Una partita durata 5 sindaci per aprire lo store di lusso
Commozione, pacche sulle spalle, complimenti e soddisfazione. A undici anni di distanza dal primo scavo, la nuova Rinascente di via del Tritone aprirà, oggi alle 12, le porte alla città con una grande festa in musica che, tra manichiniscultura iperrealisti e top brand da tutto il mondo, intratterrà il pubblico tutto il giorno, dall’omaggio a Ennio Morricone fino alle danze pop di Francesco Gabbani e una performance di Beppe Fiorello. Attesi anche il sindaco Virginia Raggi e il prefetto Paola Basilone.
«E’come vincere 10 Super Bowl», ha detto l’amministratore delegato Pierluigi Cocchini. «Una sfida faticosa, accompagnata da lunghi e tortuosi percorsi burocratici», ha aggiunto il presidente di Rinascente Vittorio Radice. Accanto a loro mister Tos Chirathivat, ceo di Central Group (società thailandese proprietaria del brand), anche lui visibilmente emozionato.
Una perseveranza diluita nel tempo da legare, forse, proprio a un’attitudine orientale. Il progetto, infatti, che oggi raccoglie consensi e apprezzamenti anche per una buona dose di «lungimiranza», con 250 milioni d’investimento e 1850 giorni di cantiere, nello scavalcare la decade, è stato costretto a sostare nelle sale d’attesa di cinque sindaci e pagare 24 milioni di euro di oneri concessori, forse la cifra più alta che il Paese ricordi.
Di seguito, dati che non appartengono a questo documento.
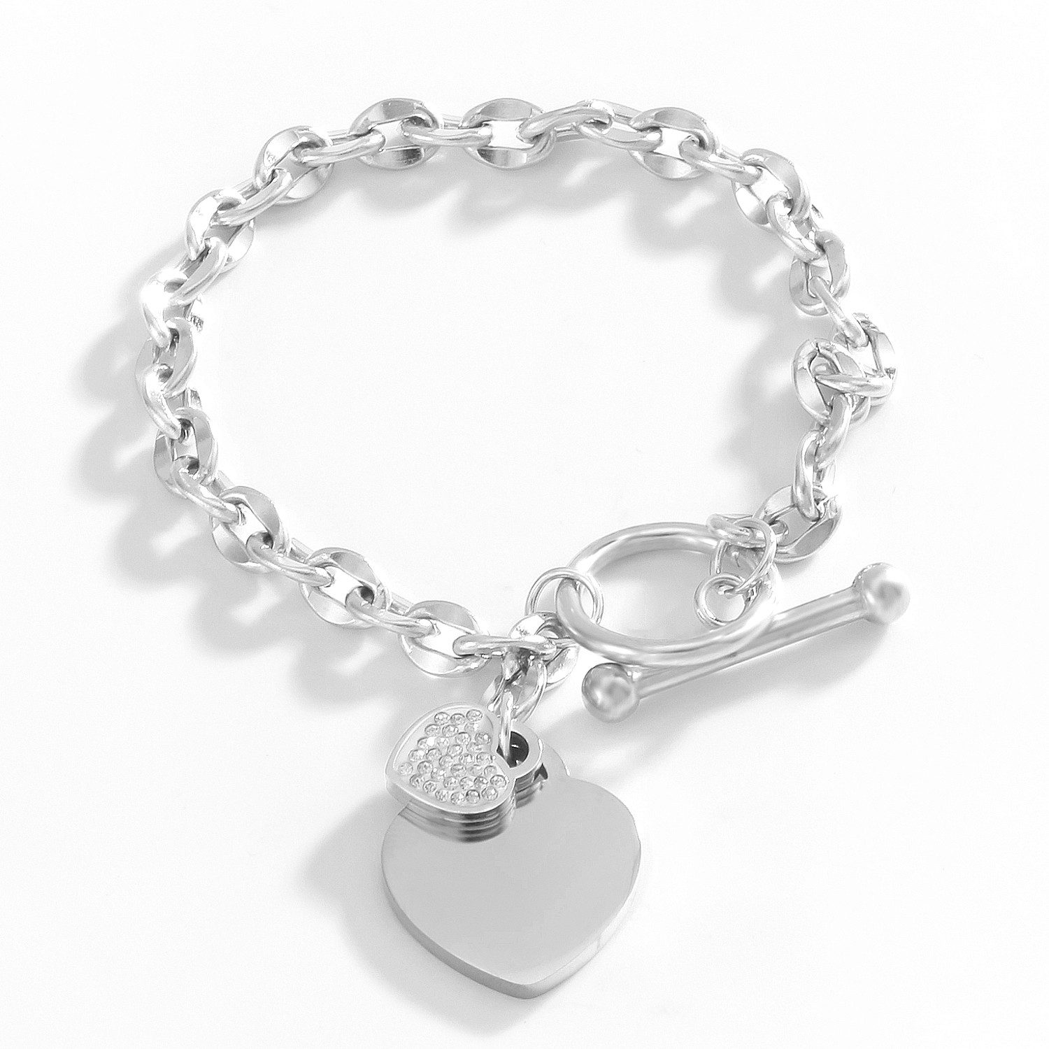 Das Armband zeichnet sich durch zwei bezaubernde Herzanhänger in verschiedenen Größen aus. Das größere Herz hat einen Durchmesser von 2 cm und ist ein echter Blickfang. Das kleinere Herz, mit einem Durchmesser von 1 cm, ist kunstvoll mit funkelnden Zirkonia Kristallen besetzt, die dem Armband einen zusätzlichen Hauch von Glamour verleihen.

E’ vero, all’interno della struttura è stato portato alla luce un importante sito archeologico con l’Acquedotto Vergine inaugurato da Augusto e una Domus del IV secolo. Impegnativo anche il lavoro di numerose équipe di architetti per far dialogare in modo raffinato e innovativo antico e contemporaneo, passato e presente. Ma undici anni sono davvero tanti, una dimensione temporale che a stento possono capire gli italiani, una quantità di tempo «intraducibile» e ingiustificabile per qualsiasi investitore internazionale che volesse «fare impresa» nella nostra città.
Di fronte a queste cifre, a questi dati «reali» che parlano più di tanti e approfonditi studi di economia e business, forse sarebbero necessarie delle riflessioni da parte di tutte le istituzioni coinvolte per poter restituire a Roma la sua naturale vocazione di polo attrattivo per investimenti di qualità.